Used in the data deployment process managed in [ror-records](https://github.com/ror-community/ror-records). Command is triggered by Github actions, but can also be run manually. See [ror-records/readme](https://github.com/ror-community/ror-records/blob/main/README.md) for complete deployment process details.

## Manual/local indexing from S3

1. Create a .env file with values for DATA_STORE, AWS_ACCESS_KEY_ID and AWS_SECRET_ACCESS_KEY
2. In the project directory, run docker-compose to start all services:

docker-compose up -d

3. Index the latest v1 ROR dataset from https://github.com/ror-community/ror-data . To index a v2 dataset, see [Indexing v2 data below](#indexing-v2-data)

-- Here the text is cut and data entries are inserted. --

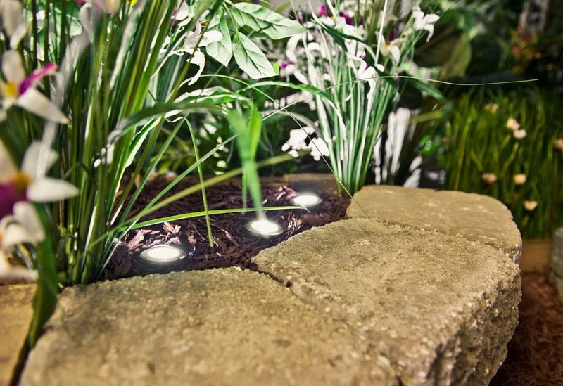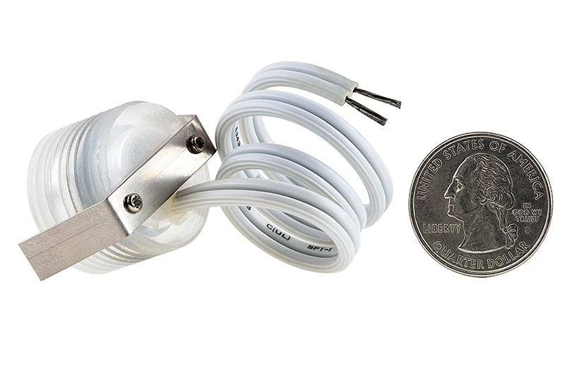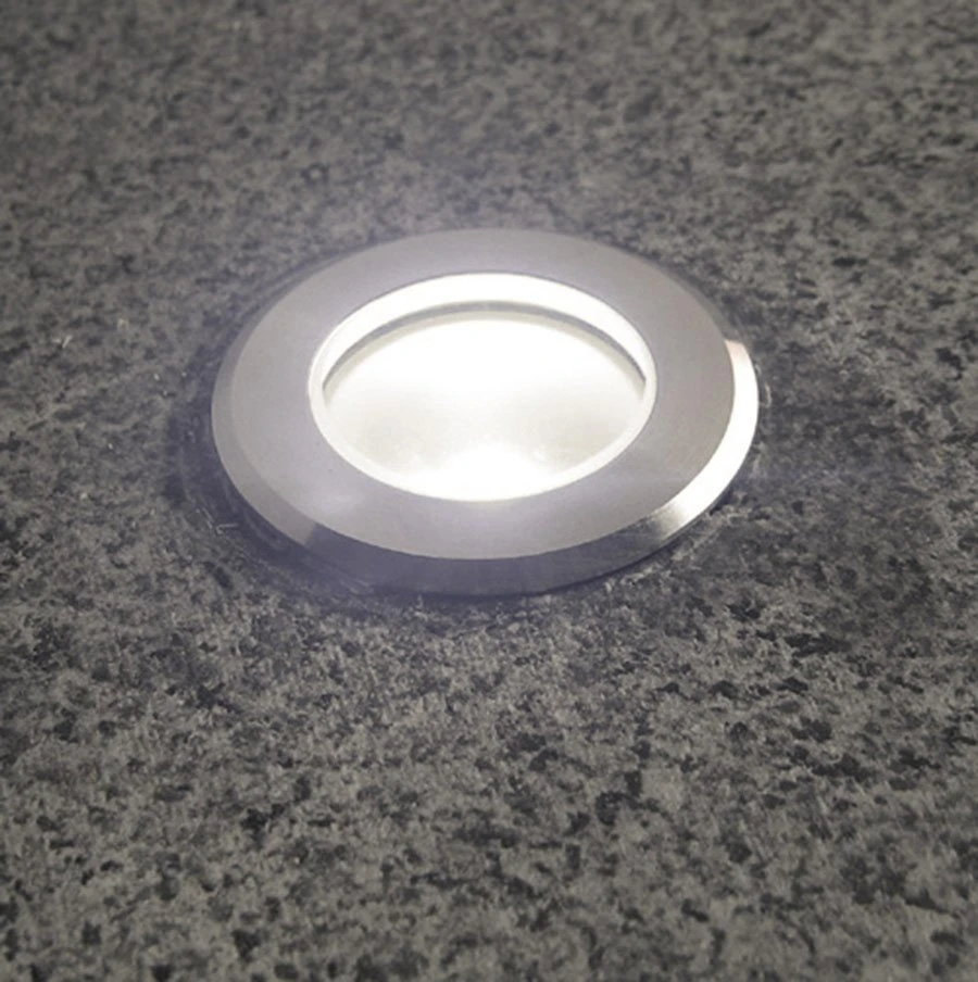 Mini round recessed LED lights are ideal for deck or step lighting, and you can use them in other outdoor lighting applications, such as pathway lighting. The 6 LEDs have an output of 25 lumens with a 90-degree beam angle for accent lighting and ambient lighting. This low-voltage step light has a 12V AC/DC operation for wiring directly into your existing landscape lighting system. A waterproof polycarbonate housing and shatterproof acrylic lens seal all internal components. Flush mounts in a 1.38″ hole using mounted retention clips. Available with a black, white, or brushed nickel finish plastic trim to match your designs. See similar single LED round plastic trim mini step lights.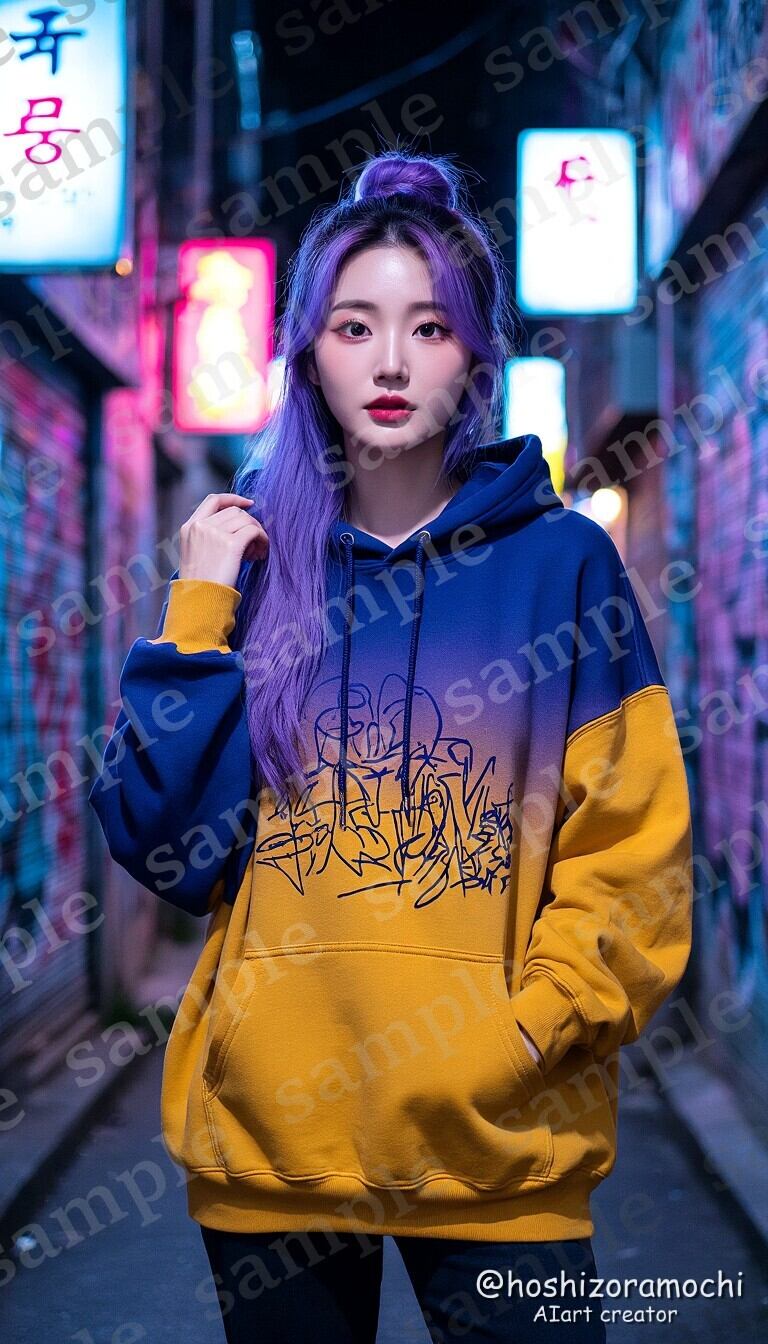インディゴブルーとマスタードイエローのグラデーションが美しいオーバーサイズパーカー。夜の都会の雰囲気、ストリートカルチャー、クリエイティブな世界観を表現。ファッションブログやアーバンライフスタイルのコンテンツにマッチします。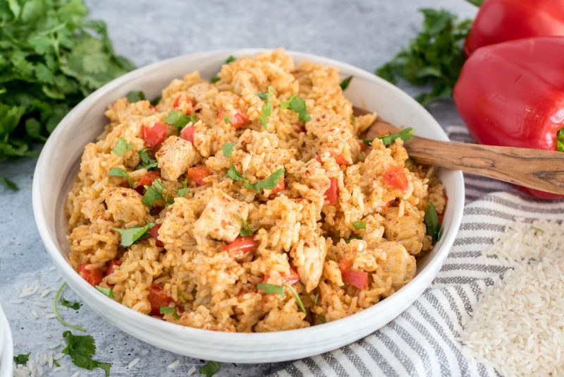 Spanish-Style Instant Pot Chicken and Rice is a healthy and easy one-pot meal with lean chicken breasts, red bell pepper, and fluffy rice spiced with paprika and cumin.

docker-compose exec web python manage.py setup v1.0-2022-03-17-ror-data -s 1

*Note: You must specify a dataset that exists in [ror-data](https://github.com/ror-community/ror-data)*

4. Add new/updated record files to a directory in the S3 bucket as files.zip. Github actions in [dev-ror-records](https://github.com/ror-community/dev-ror-records) can be used to automatically push files to the DEV S3 bucket.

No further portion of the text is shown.